There are 12 people on an island and one is heavier than the others. You have to figure out which Islander is the heaviest using a seesaw. But you can only use the seesaw 3 times. How do you figure out which one is heavier?

Divide them into 3 groups of 4 people.

Put any two groups on each side of the see-saw. (First Use)

Condition 1

If the see-saw balances, we are sure that the oddly weighted one is in the other group of 4.

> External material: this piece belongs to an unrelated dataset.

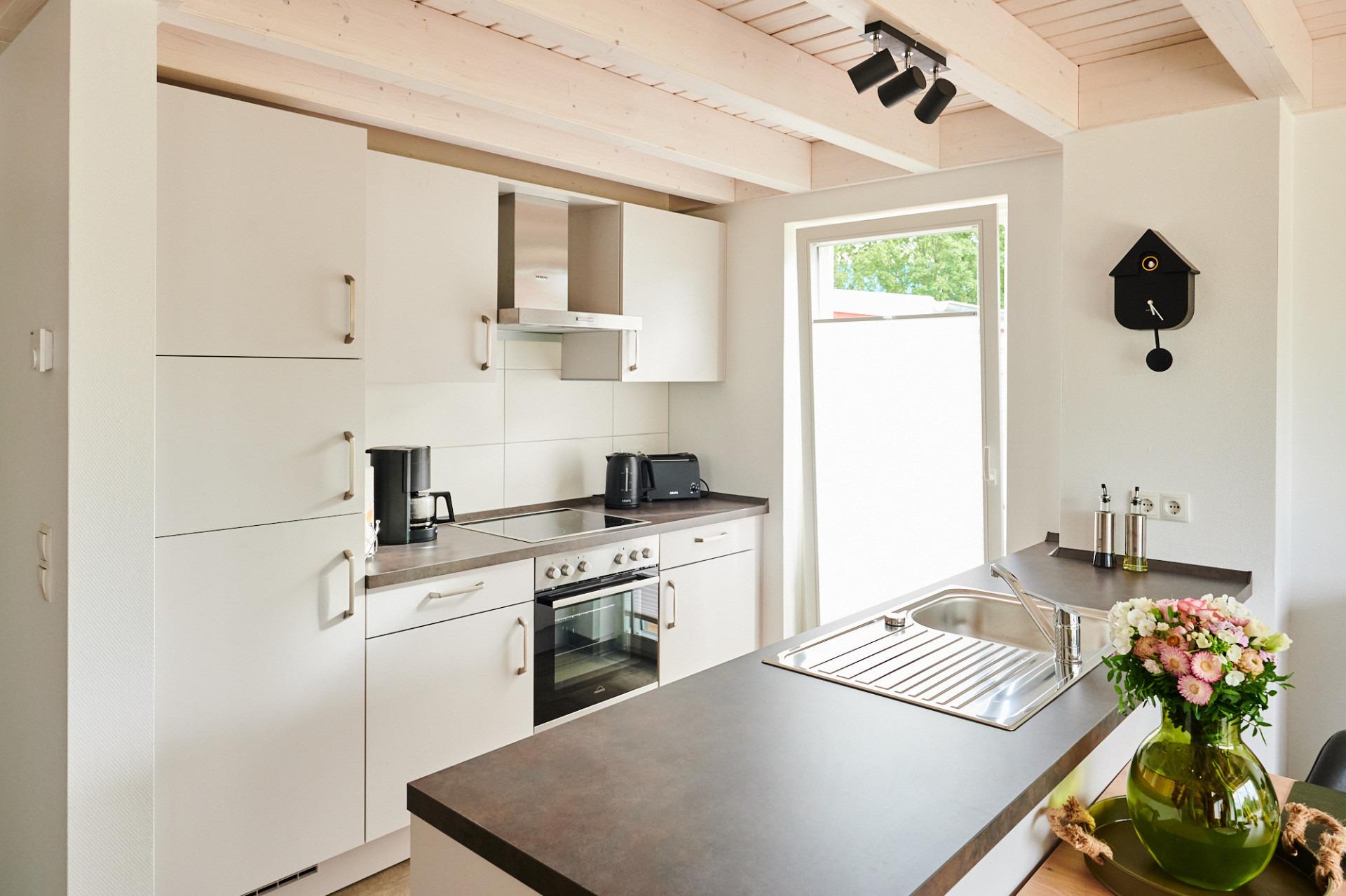 Die gut ausgestattete Küche mit einem Tresen direkt am Essbereich ermöglicht das Zubereiten köstlicher Mahlzeiten, ohne gemeinsame Zeit zu verlieren.
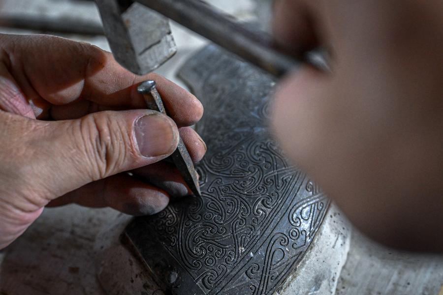 Lead-Tin Engraving craft has been passed down for five generations in Ao's Family in Jingzhou of central China's Hubei Province. Ao Xinghua, 52 years old, a fourth-generation inheritor, has been doing the work for over 30 years. Since childhood, he had followed his father Ao Chaozong, a national-level inheritor of the art who had mastered all the procedures of making a bronze ware, to get in touch with the craft. "My grandfather and father regarded the art as their lives, and had devoted all they have into it," said Ao Xinghua.

In that case, take two people from that group and place them on one end of the seesaw and two of the balanced eight on the other. (Second Use)

Condition 1.1

If the seesaw balances, remove all but one from the seesaw and put one of the remaining two opposite them. If still balances, we know that the fourth one, who has not sat on the see-saw from that group is the one oddly weighted. (Third Use)

Condition 1.2

If the seesaw is not balanced, remove one from each end. If the seesaw is balanced, the one of the unknown four just removed was the oddly weighted one. Otherwise, the one who stayed is the oddly weighted one. (Third Use)

Condition 2

If the two groups of 4 don’t balance remember which side was lighter, have three get off one end, and the remaining person swap places with one of the other four. Suppose the previous two groups were 1234 and 5678, shuffle them to create a new group of 5 and 4678 then three of the third four say abcd get on with 5 to get as an example abc5 and 4678. (Second Use)

Condition 2.1.1

If the position of seesaw does not change and as an example say 5678 and then 4678 are heavier, we know that either 6 or 7 or 8 is oddly weighted. Now put 7 on one end and 8 on the other. If one is heavier they are the odd one otherwise it is 6. (Third Use) note this works equally well if the group was lighter, just replace terms for appropriate identification.

Condition 2.1.2

If the seesaw reverses, ether 4 or 5 is the oddly weighted one. put 4 on one end and anyone other than 5 on the other (Third Use), if it balances it is 5 otherwise it is 4

Condition 2.1.3

If the seesaw balances we know that either 1 or 2 or 3 is oddly weighted. Say as example 1234 were lighter. Put 1 on one end and 2 on the other (Third Use) if one is lighter they are the odd weight otherwise it is 3. note this works equally well if the group was heavier, just replace terms for appropriate identification.

Done – easy peasy. Right?